Assignment → Please repeat, exactly as written, every line from the one containing "Foresta sfalsata, Punta" through the last line of the records, both included, and leave out any pictures.

[[ Exercise material, beginning ]]

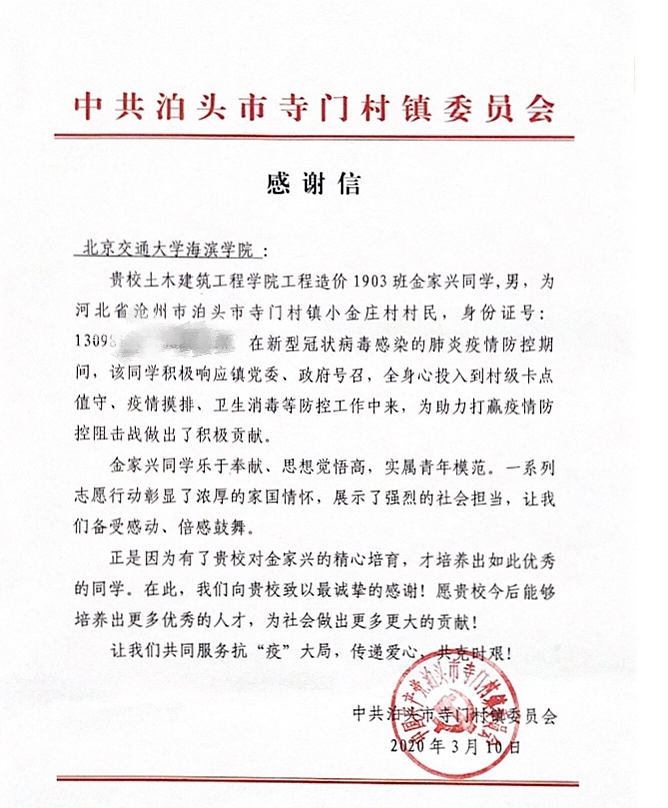 造价1903班金家兴同学在疫情当前,加入志愿者队伍,负责为村民们采购物资,以及出入人员登记的工作。他说道:“我志愿服务于村民,服务于社会,贡献自己的一份力量。志愿服务给了我很好的锻炼机会和实践平台,使我的眼界更加开阔。全国上下源源不断地输送物资、医疗人员援助湖北。作为中国人,我们自己也要争一口气,贡献自己的一份力量,做一点力所能及的事。”3月10日,金家兴的家乡泊头市门村镇委员会向他发来感谢信,对他志愿服务期间的表现表示肯定与感谢。金家兴的一系列志愿行动彰显着当代青年的责任与担当。
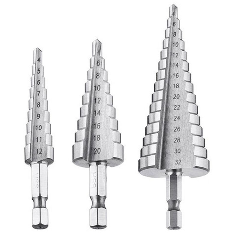 Foresta sfalsata, Punta da trapano per fresa in metallo 4PCS 4-12/20/32mm Punta per trapano a gradino Svasatore in acciaio Trapano a triangolo conico con rivestimento in titanio Punta per cacciavite per acciaio/legno/ottone/plastica/PVC [ Heavy Duty & Antiruggine] Realizzato in HSS di alta qualità, taglia rapidamente i materiali sottili. L'HSS offre una durata estrema e le punte del trapano sono antiruggine. Allo stesso tempo, la nostra punta da trapano è adatta con un cacciavite elettrico [Applicazione] Punta da trapano a gradino adatta per fai da te, casa e costruzione. È molto adatto per praticare fori in una varietà di materiali come acciaio/ottone/legno/plastica/lastra di ferro sottile/materiali in alluminio/lastra isolante/lastra in PVC, ecc. Adatto solo per normali piastre in alluminio, ferro e acciaio (lo spessore non può superare i 4 mm, la durezza è inferiore a 25HRC), non per l'acciaio inossidabile < /p> [Punta elicoidale] Con La punta elicoidale 6542 può preforare i
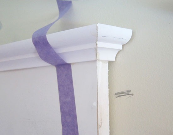 I first positioned the front piece and taped it securely in place until dry. I used a bubble level to make sure it was level.
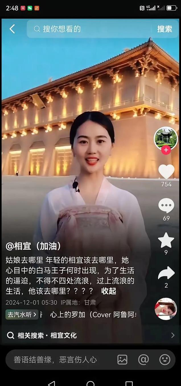 西安带货后,相宜没有回到村里。而是用小号,再度发视频,视频IP地址,显示是在甘肃!
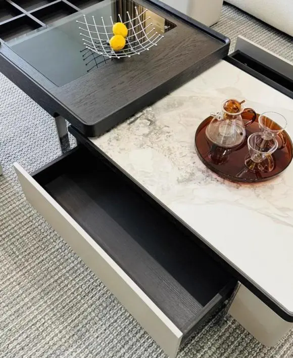 Two in One Modern Rectangular Coffee Table with Stools and Drawers
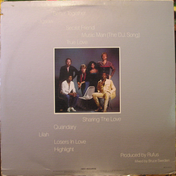 On front cover 'Rufus' is embossed. Glossy photo in the centre of rear cover. On spine: ★★★ "Highlight" recorded at The Record Plant, Los Angeles Mastered at Allen Zentz Mastering Recorded at Allen Zentz Studio, Hollywood, California © 1981 MCA Records, Inc. ℗ 1981 MCA Records, Inc. Printed cardboard inner sleeve with lyrics and credits. Some copies have been found with one blank label (see image). Also released with slightly different labels.
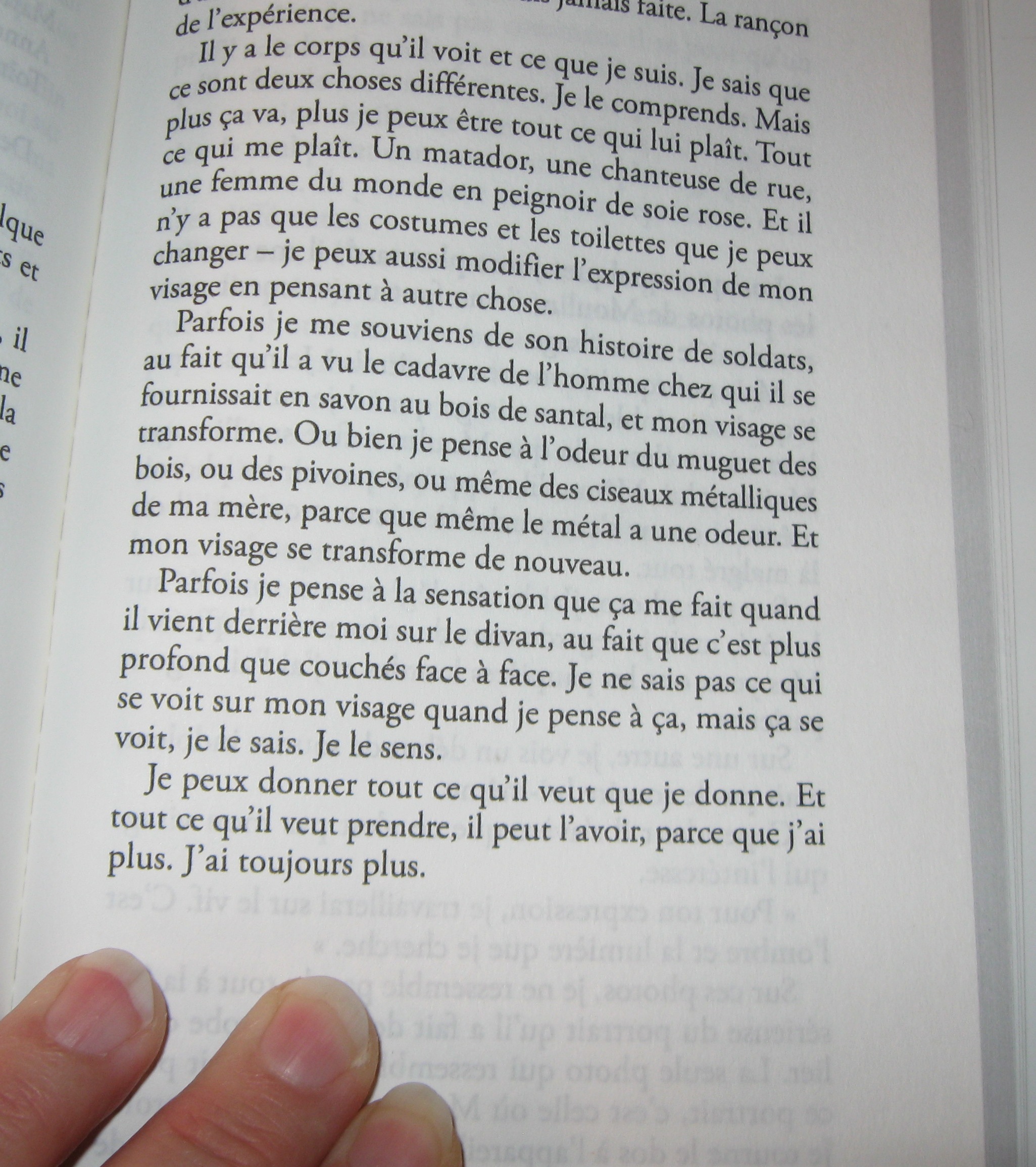Maybe it seems funny, but I just love the phrase “bottines de putain.” I love the sounds of the “b” and the “p.” My work has been translated before into German and Norwegian, but I since I don’t speak those languages, I could only marvel at the appearance of things. This time I can read the translation. I can experience it.

[[ Exercise material, end ]]

Written answer →
 Foresta sfalsata, Punta da trapano per fresa in metallo 4PCS 4-12/20/32mm Punta per trapano a gradino Svasatore in acciaio Trapano a triangolo conico con rivestimento in titanio Punta per cacciavite per acciaio/legno/ottone/plastica/PVC [ Heavy Duty & Antiruggine] Realizzato in HSS di alta qualità, taglia rapidamente i materiali sottili. L'HSS offre una durata estrema e le punte del trapano sono antiruggine. Allo stesso tempo, la nostra punta da trapano è adatta con un cacciavite elettrico [Applicazione] Punta da trapano a gradino adatta per fai da te, casa e costruzione. È molto adatto per praticare fori in una varietà di materiali come acciaio/ottone/legno/plastica/lastra di ferro sottile/materiali in alluminio/lastra isolante/lastra in PVC, ecc. Adatto solo per normali piastre in alluminio, ferro e acciaio (lo spessore non può superare i 4 mm, la durezza è inferiore a 25HRC), non per l'acciaio inossidabile < /p> [Punta elicoidale] Con La punta elicoidale 6542 può preforare i
 I first positioned the front piece and taped it securely in place until dry. I used a bubble level to make sure it was level.
 西安带货后,相宜没有回到村里。而是用小号,再度发视频,视频IP地址,显示是在甘肃!
 Two in One Modern Rectangular Coffee Table with Stools and Drawers
 On front cover 'Rufus' is embossed. Glossy photo in the centre of rear cover. On spine: ★★★ "Highlight" recorded at The Record Plant, Los Angeles Mastered at Allen Zentz Mastering Recorded at Allen Zentz Studio, Hollywood, California © 1981 MCA Records, Inc. ℗ 1981 MCA Records, Inc. Printed cardboard inner sleeve with lyrics and credits. Some copies have been found with one blank label (see image). Also released with slightly different labels.
Maybe it seems funny, but I just love the phrase “bottines de putain.” I love the sounds of the “b” and the “p.” My work has been translated before into German and Norwegian, but I since I don’t speak those languages, I could only marvel at the appearance of things. This time I can read the translation. I can experience it.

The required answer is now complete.